Osteoporosis detection

Osteoporosis is a global health issue marked by low bone mass and weakened bone structure, leading to a higher risk of fractures. Dental radiographs, commonly used in dental checkups, help in assessing bone conditions due to their accessibility, affordability, and low radiation exposure, making them an effective screening tool for osteoporosis risk.
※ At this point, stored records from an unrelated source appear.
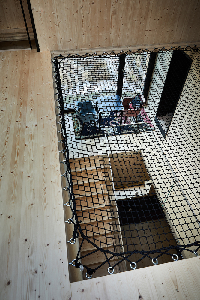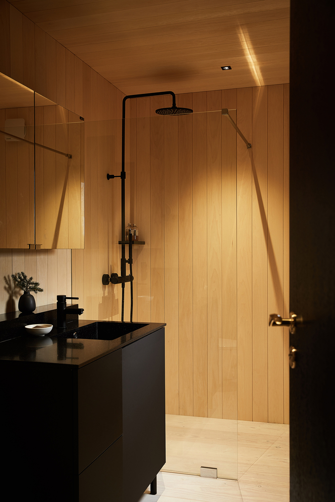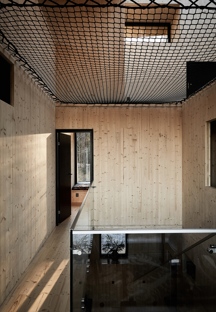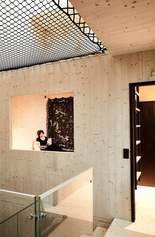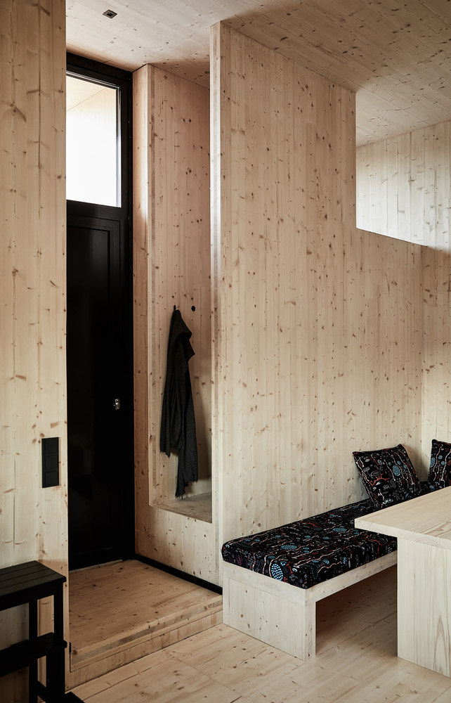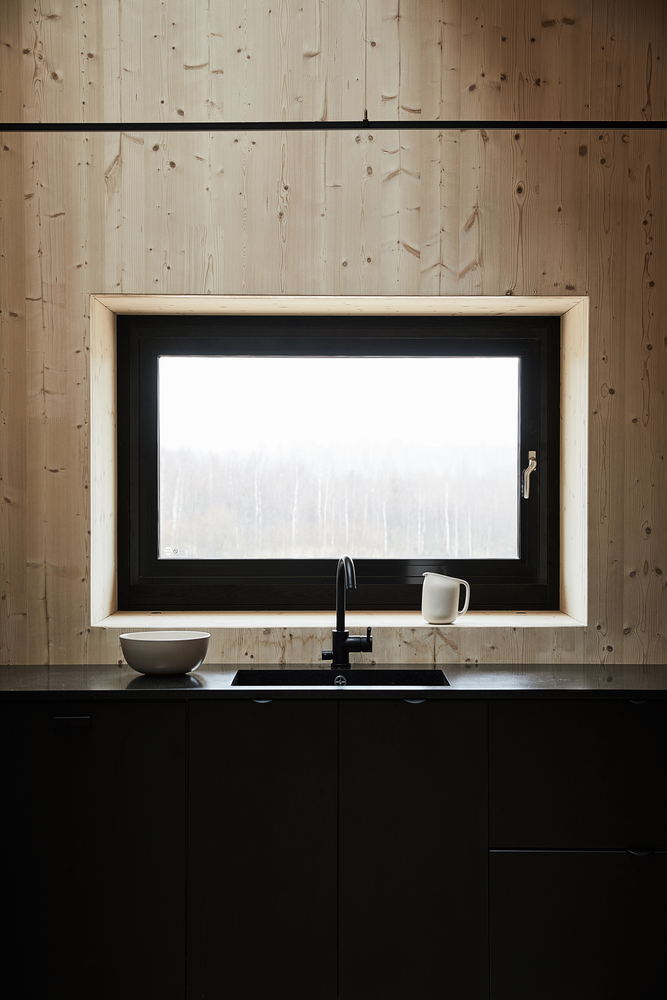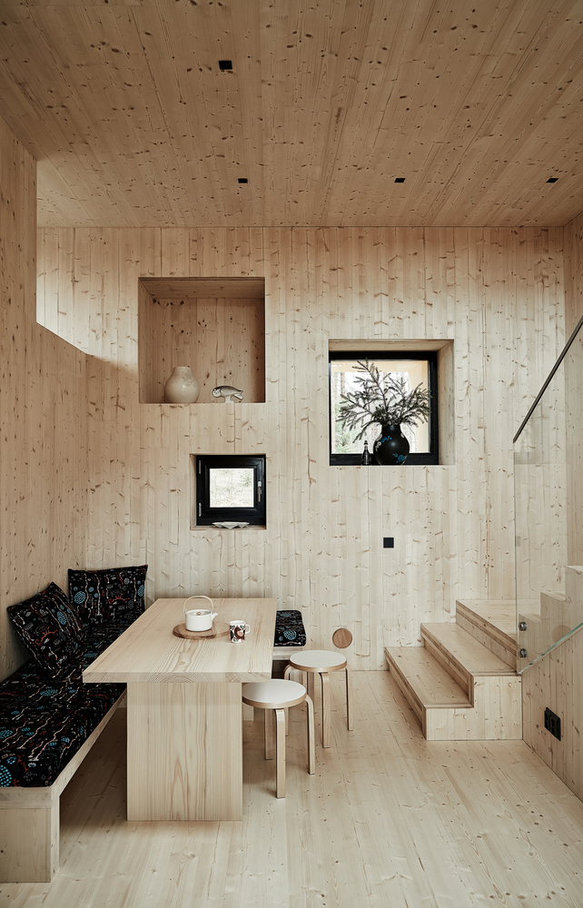 "Every building materializes our relationship with the natural environment,” Koivula says. ”My inspiration to have a unique wood house built in this country sprouted from the rocky hills and rugged woods of Koli, rich in erratic boulders that also served Finland’s defense during the Winter War. Meteorite reflects the connection my soul has to Finnish nature, and looking through one of its large windows to the misty fields around takes me back to the calm days of childhood. We use the house as a creative space for remote work, hobbies, and hanging out together. In the old days, families gathered into a large horizontal kitchen space to be together; we now interconnect vertically with each other and with the surrounding nature. In this time and age with effective telecommunications and speed trains to the metropolitan region, this is a paradise for us to get settled into the good life.”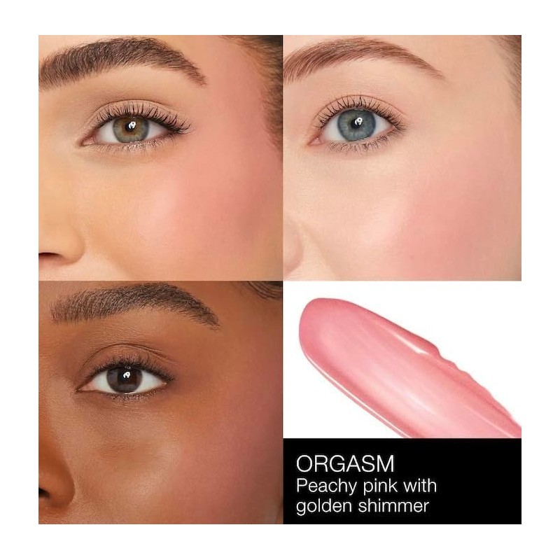 - RADIANT HYDRATION: NARS Afterglow Liquid Blush in Orgasm is a lightweight blush with a peachy pink hue and golden shimmer. It deeply nourishes the skin, providing eight hours of hydration for a dewy complexion.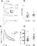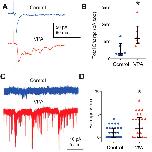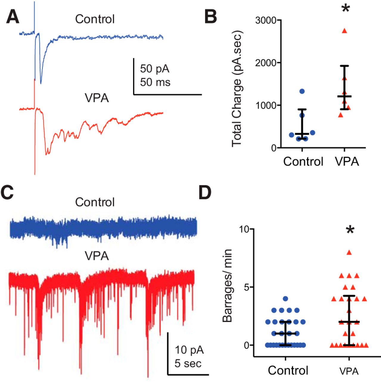 Figure 5. Exposure to VPA enhances recurrent connectivity in the optic tectum. A, Example traces of maximally evoked synaptic responses from control and VPA-treated tadpoles at −65 mV. Notice the enhanced polysynaptic activity in the VPA response. B, Total charge calculated over 100 ms from maximally evoked synaptic responses reflect increased polysynaptic activity in the VPA group. Mann–Whitney U test, p = 0.026, N = 6. Error bars are IQRs and medians. C, Example traces of spontaneous synaptic activity from control and VPA tectal cells (recorded at −65 mV with PTX in the external recording solution). D, The VPA group shows increased frequency of barrages. PMW = 0.038; control, n = 28; VPA, n = 26. Error bars are IQRs. *p < 0.05. |

Research by Southard et al., focused on fractal analysis in osteoporotic subjects [1316]. They first examined the link between fractal dimensions (FD) in the jawbone and bone density in rabbits with induced osteoporosis, findings showed reduced FD with higher steroid doses but no correlation with spine and mandible density [16]. In healthy women, FD in the jawbone was positively linked to local bone density but not to other areas like the spine [14]. Other studies, including those by Bollen et al. [17], and Park et al. [18], found higher FD values in panoramic and periapical radiographs of osteoporotic patients. Yasar & Akgunlu [1921] carried out a series of studies, first on digital periapical images and then on panoramic images, they meticulously evaluated if fractal dimensions could be considered to detect osteoporosis and could differentiate the lacunarity and trabecular pattern of the mandible. They found a mean value of FD in osteoporotic subjects as 1.40 and 1.39 in non-osteoporotic subjects. Thereby confirming the usefulness of FD in detection of osteoporotic bone. Sindeaux et al. [22], evaluated 133 panoramic radiographs of 84 females and 49 males and they considered bone mineral density (BMD) values determined by dual-energy X-ray absorptiometry (DXA) as the gold standard. They found lower FD values in mandibular bone among postmenopausal women (normal = 1.420 ± 0.079, osteoporotic= 1.354 ± 0.090) and older men with osteoporosis (normal=1.373 ± 0.069, osteoporotic=1.371 ± 0.059). Their results suggested that cortical bone measurements could help identify patients need for further testing for bone density, however the results showed that FD values were not consistent over various regions. Table 1 summarizes all the studies done using fractal analysis to detect osteoporosis.

Table 1.

Studies using fractal analysis to detect osteoporosis.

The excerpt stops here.